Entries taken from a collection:

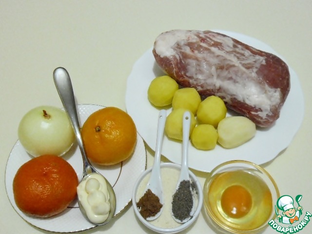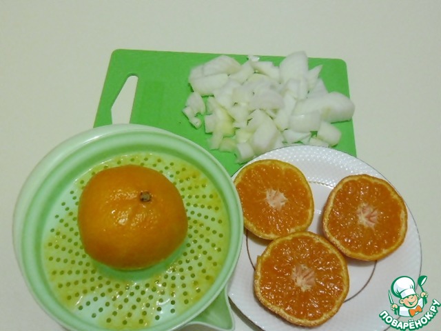 - Мандарин (сок из двух в мясо + 1 после выпечки) — 3 шт
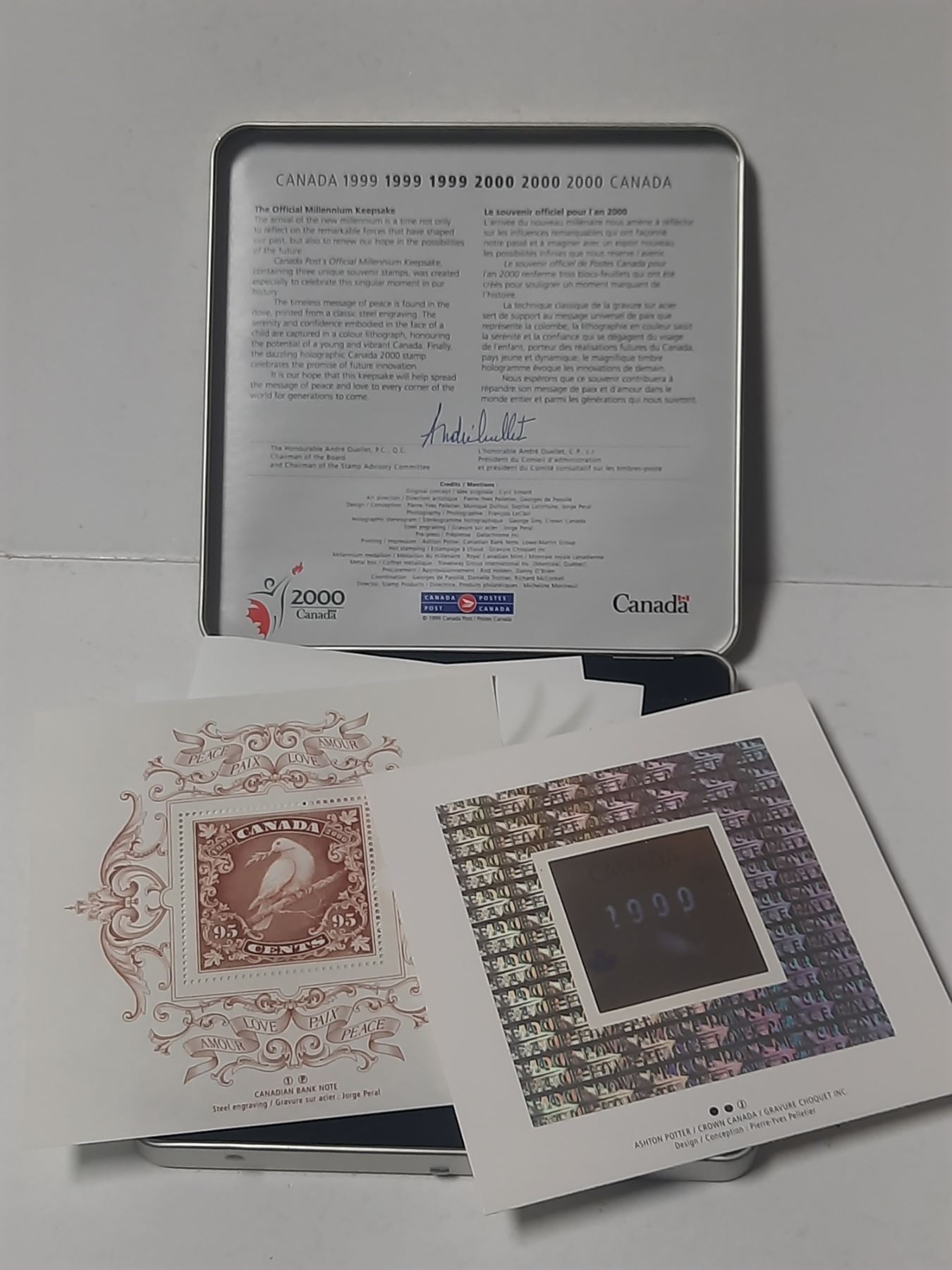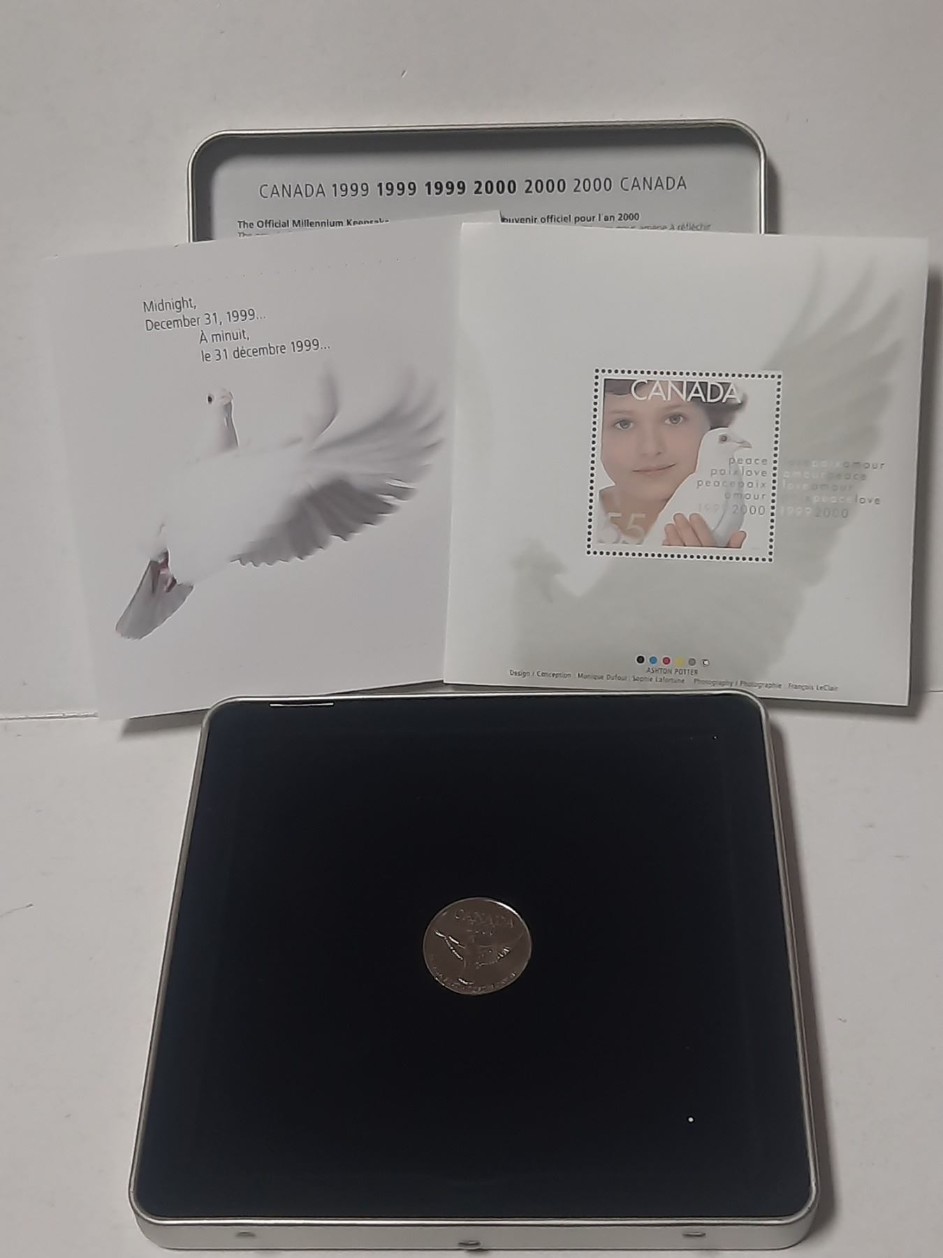 1999 – 2000 Official Millennium Keepsake issued by Canada Post. Contains 3 stamps plus a Dove Medal.
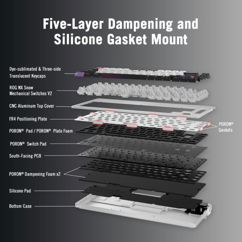 Vlastní herní klávesnice ROG Azoth X 75% s mechanickými spínači ROG NX V2 vyměnitelnými za provozu, barvenými a poloprůhlednými klávesami, kovovým horním krytem, těsněním, pětivrstvou tlumicí pěnou, polohovací deskou FR4, deskou plošných spojů orientovanou na jih, třírežimovým připojením s technologií SpeedNova 2,4 GHz, displejem OLED, třísměrným ovládacím kolečkem, opěrkou zápěstí, třemi úhly náklonu a podporou počítačů Mac.
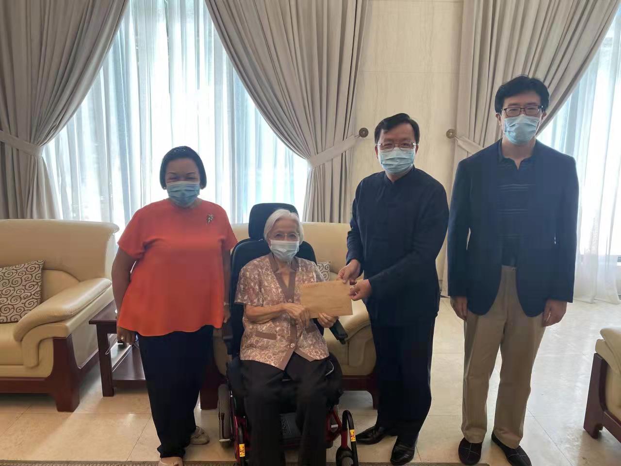 黄溪连大使与两家华人养老院代表座谈并捐款
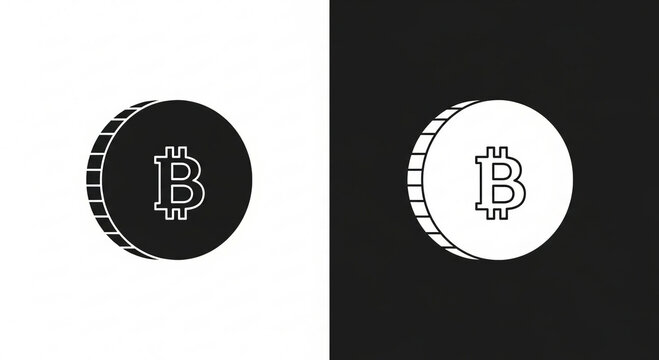Bitcoin Cryptocurrency Coin Icon in Black and White.
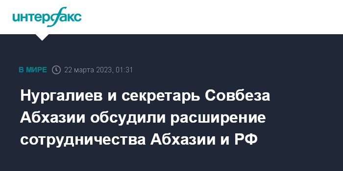 Москва. 22 марта. INTERFAX.RU - Перспективы расширения абхазско-российского сотрудничества обсудили во время встречи в Москве секретарь Совета безопасности Абхазии Сергей Шамба и первый заместитель секретаря российского Совбеза Рашид Нургалиев, сообщила пресс-служба абхазского МИД.
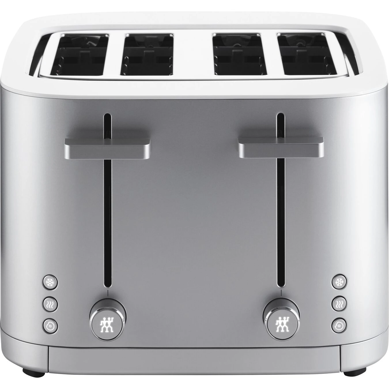 Every slice of toast is a masterpiece. This premium silver toaster for four slices in modern ZWILLING design ensures evenly brown toast. Repeated toasting automatically shortens the toasting duration. The 1800 watt toaster’s eight separate heating elements evenly toast both sides of each slice. Plus, each slice of toast is crispy on the outside and soft on the inside – authentic ZWILLING toast.
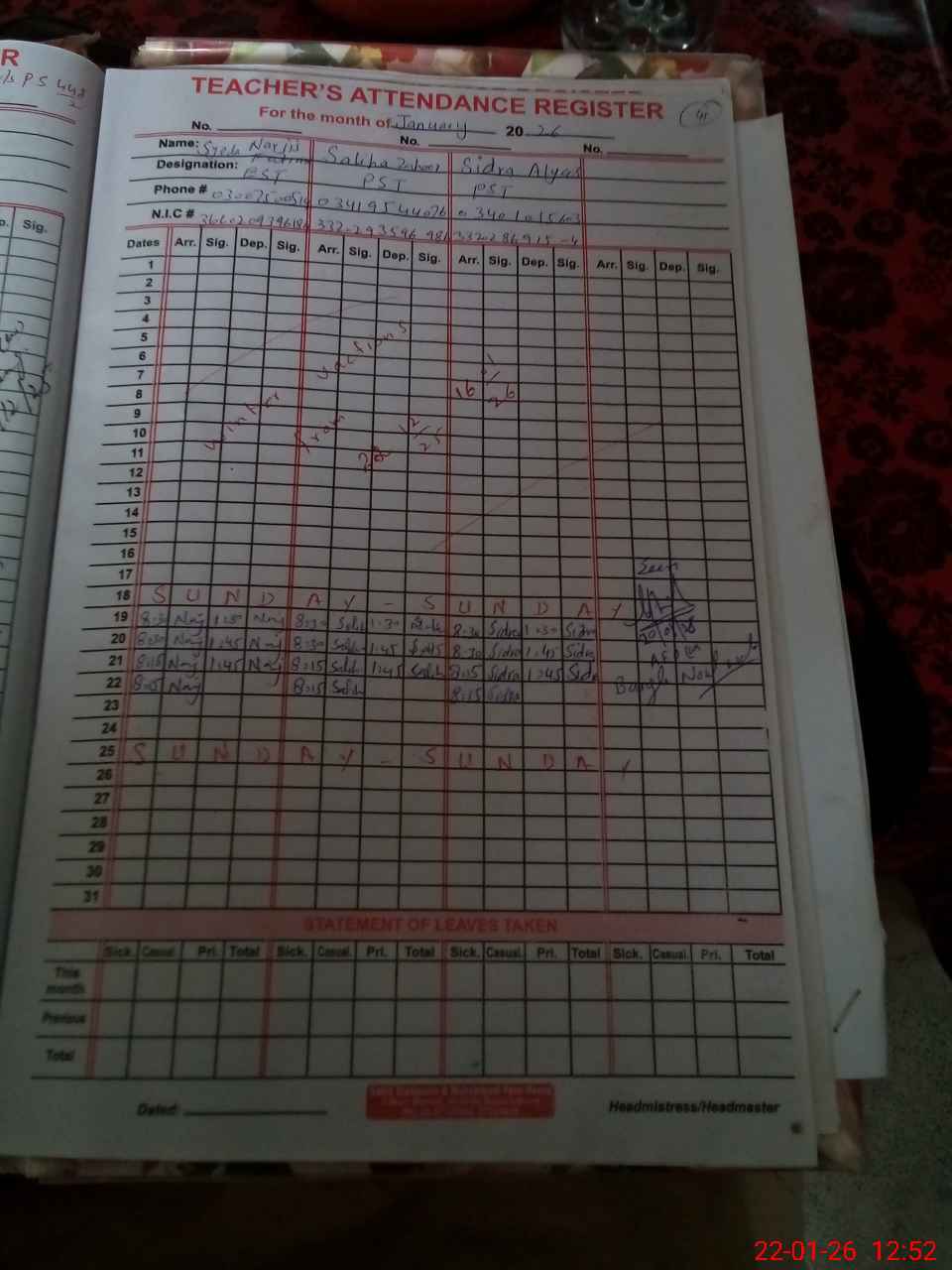 | Name: Sy**** Na**** Fa**** Designation: (School Headmaster's/Headmistress's) EST Phone/Cell Number: 03**** |
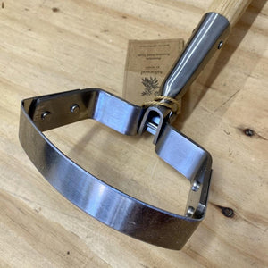 The stainless steel oscillating or stirrup hoe works on both the push and pull motion by cutting and pulling weeds just under the soil surface so as to not disturb nearby plants and surrounding soil life. The backwards and forwards motion rids the blade of any weeds which have built up, the oscillation action ensures the blade is at the optimum angle to the soil.
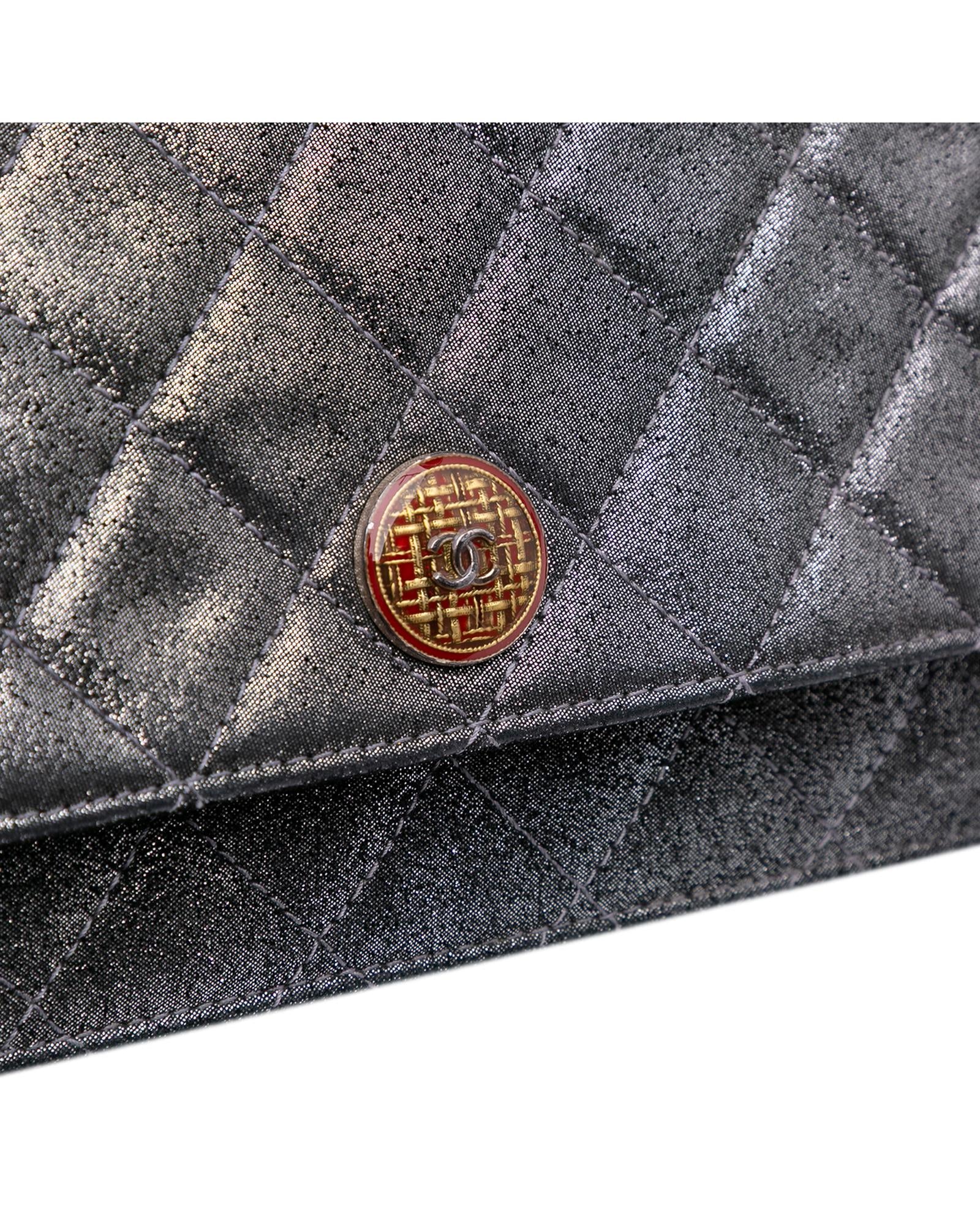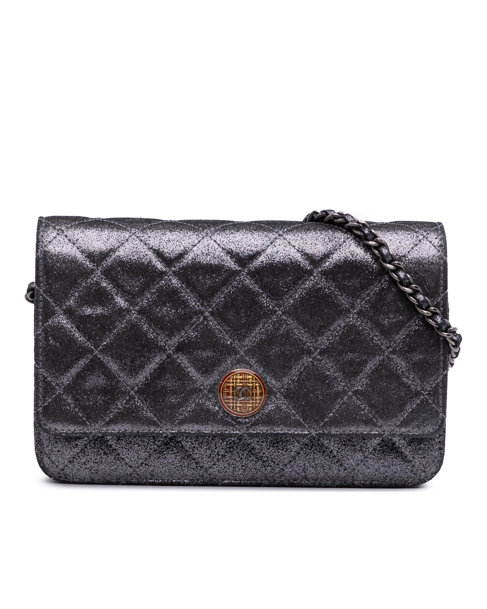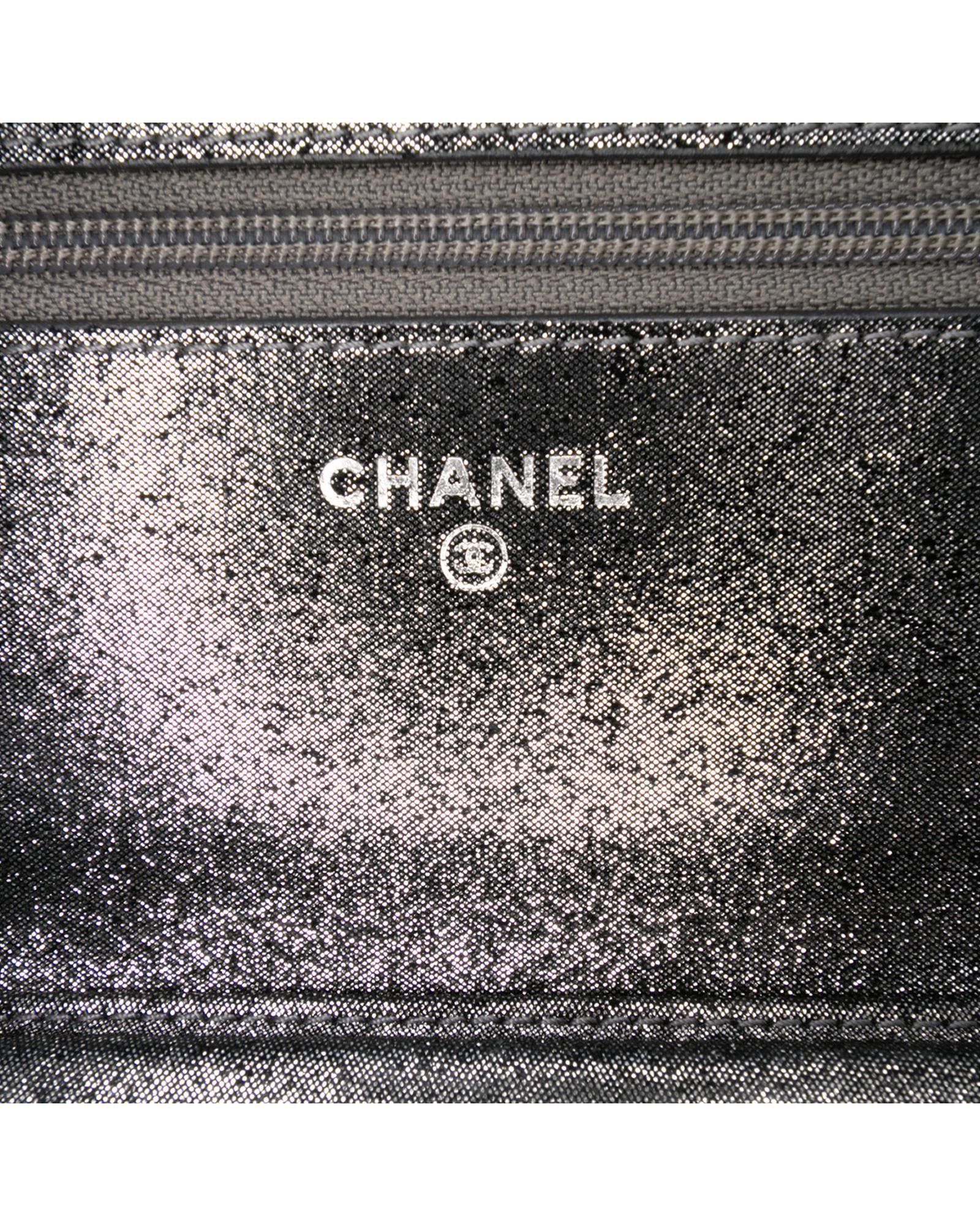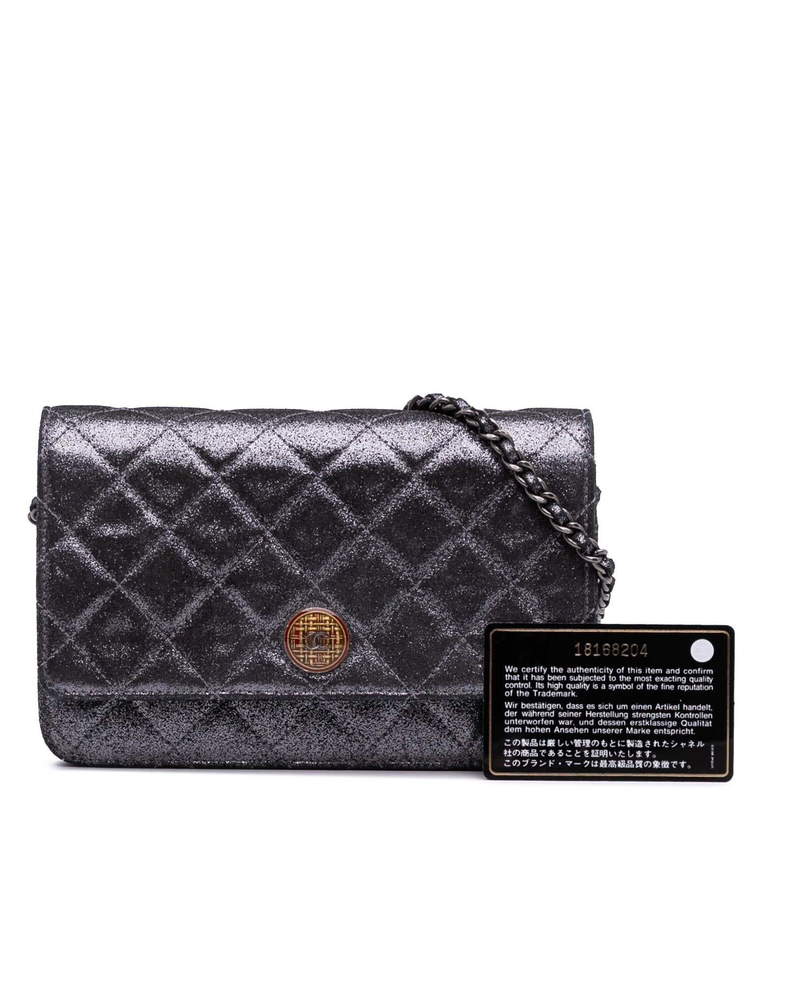 This wallet on chain features a quilted iridescent lambskin body a leather-woven chain link strap a front flap with snap closure and interior zip and slip pockets.Brand: Chanel

Exercise requirements:
Output only the stretch above from the line with "Number: 03**** |" through the line with "The stainless steel", reproduced exactly. Exclude pictures.

Output for this exercise:
 | Name: Sy**** Na**** Fa**** Designation: (School Headmaster's/Headmistress's) EST Phone/Cell Number: 03**** |
 The stainless steel oscillating or stirrup hoe works on both the push and pull motion by cutting and pulling weeds just under the soil surface so as to not disturb nearby plants and surrounding soil life. The backwards and forwards motion rids the blade of any weeds which have built up, the oscillation action ensures the blade is at the optimum angle to the soil.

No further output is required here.